▶ _Recorded data_:
────────────────────

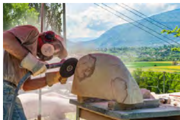
Atelier (Avusy, GE, Suisse)
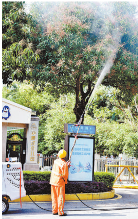
厦门市市政园林局开展芒果树抑花控果工作。

市市政园林局工作人员表示,行道上的芒果树不是按果园的标准栽培的,除了个头较小、表皮青绿、口感很差外,为防治病虫害,市政园林部门会定期喷洒农药水,加上芒果树长期吸收机动车尾气、粉尘等,果实中极有可能含有硫或铅等,这样的“绿化芒”食用后对人体有一定危害。
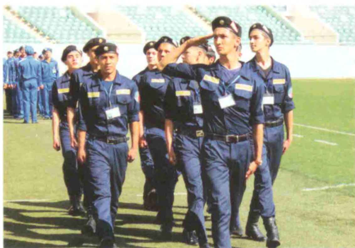
Чилонзор матбаа касб-ҳунар коллежи жамоаси

────────────────────

▶ _Task item_: Reproduce exactly the lines above from the one with "厦门市市政园林局开展芒果树抑花控果工作。" through the last line of the data, keeping both ends and dropping the pictures.

▶ _Completed task_:
厦门市市政园林局开展芒果树抑花控果工作。

市市政园林局工作人员表示,行道上的芒果树不是按果园的标准栽培的,除了个头较小、表皮青绿、口感很差外,为防治病虫害,市政园林部门会定期喷洒农药水,加上芒果树长期吸收机动车尾气、粉尘等,果实中极有可能含有硫或铅等,这样的“绿化芒”食用后对人体有一定危害。
Чилонзор матбаа касб-ҳунар коллежи жамоаси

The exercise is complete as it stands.